You should also be sure that the power of attorney includes language authorizing the transfer of real estate. If the power of attorney is a limited power of attorney, it may only authorize a few actions. If it is a general power of attorney, it may include sweeping language that gives the agent broad authority to do just about anything on behalf of the principal. Either way, you should be sure that the power of attorney includes language authorizing the agent to transfer real estate.
Attach a Copy of the Power of Attorney to the Deed
Many title examiners will want proof that there is a valid power of attorney naming the agent to act on behalf of the principal. They will also want to see language in the power of attorney that gives the agent authority to transfer the principal’s real estate. The best way to reassure the title examiner is to attach the power of attorney to the deed when the deed is filed. Attaching the power of attorney puts clear evidence of the agent’s authority in the land records. This could prevent title issues in the future, when the power of attorney may be difficult to locate.

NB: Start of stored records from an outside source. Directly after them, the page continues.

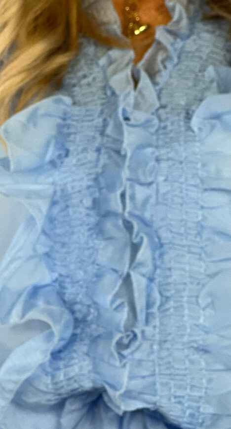 Zuckersüße, leicht transparente Bluse Myrtia von Noella, im Farbton Air Blue, mit V-Ausschnitt, gesmokten Rüschen entlang der Front.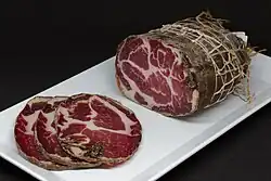 Coppa pork cold cut made from the dry-cured muscle
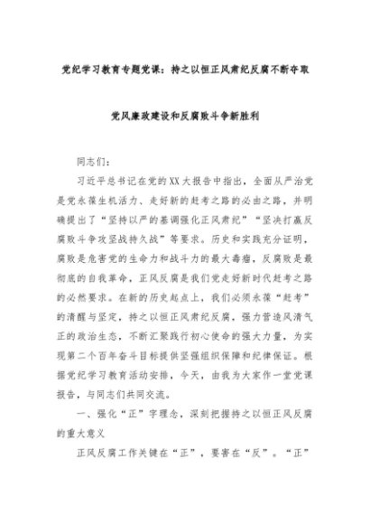 【七哥公文】2024年:党纪学习教育专题党课:持之以恒正风肃纪反腐不断夺取党风廉政建设和反腐败斗争新胜利+更多免费公文+VX:QiGeGongWen2024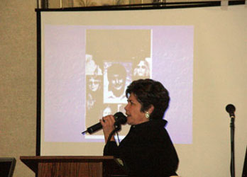 Anna Flowers speaks at a luncheon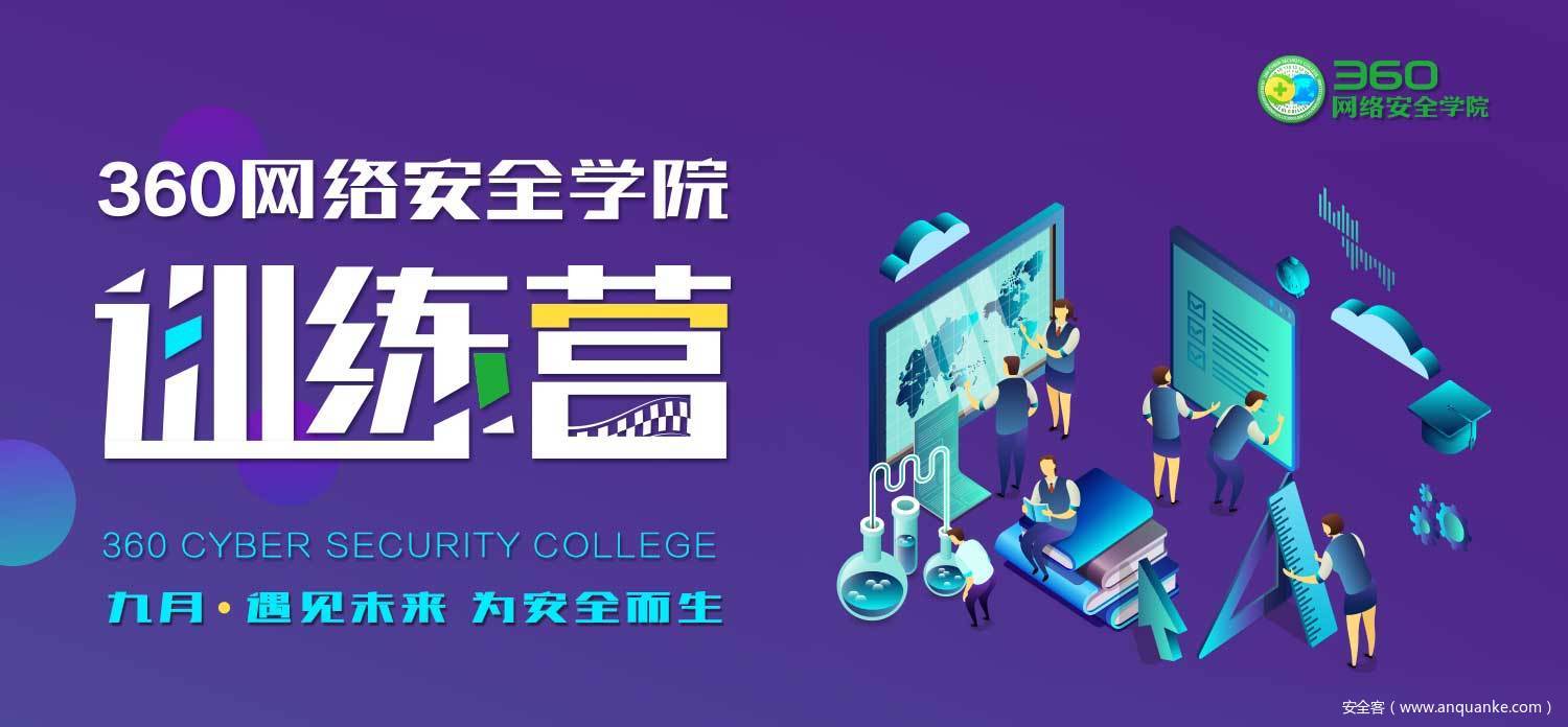 在9月,360网络安全学院“遇见未来•为安全而生”主题训练营活动将于9月22日举行。届时,将有360一线技术大咖、行业顶尖网络安全专家亲临现场为你解密网络安全那些事儿、分享行业发展趋势、展示360内部技术研发成果。
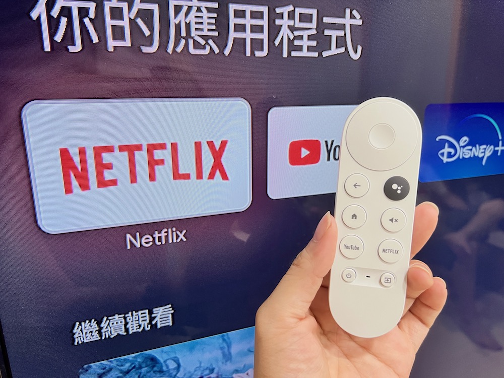 Chromecast(支援 Google TV)這次最 “親民” 的點就屬這遙控器了。遙控器本身需要兩顆 AAA 電池,而這盒裝中會先附上。遙控器的一側有著音量大小控制鍵、正上方就是上下左右的控制區,遙控器本身具備有語音麥克風的功能,因此我們只要按下遙控器上的 Google Assistant 的語音按鍵,就能直接對著麥克風說出想要搜尋的頻道、影集或是跟 Google 助理互動,操作區還相當貼心地放上 YouTube 與 NETFLIX 獨立快捷鍵,來更迅速的進入想要使用的串流平台。

Avoid the Appearance of Self-Dealing
A power of attorney is a fiduciary instrument. This means that the agent must only act on behalf of the principal and not to benefit the agent. Be sure that the agent is not acting for his or her own benefit, conveying the property to himself or herself, or releasing a mortgage made by the agent in favor of the principal. These types of situations can create title problems and possibly give rise to claims of self-dealing.
Consult with an attorney if you have questions about what actions the agent can and cannot take and whether there are any precautionary steps the agent should take to minimize the likelihood of legal challenges. This is especially important if the agent is taking actions that directly or indirectly benefit the agent personally.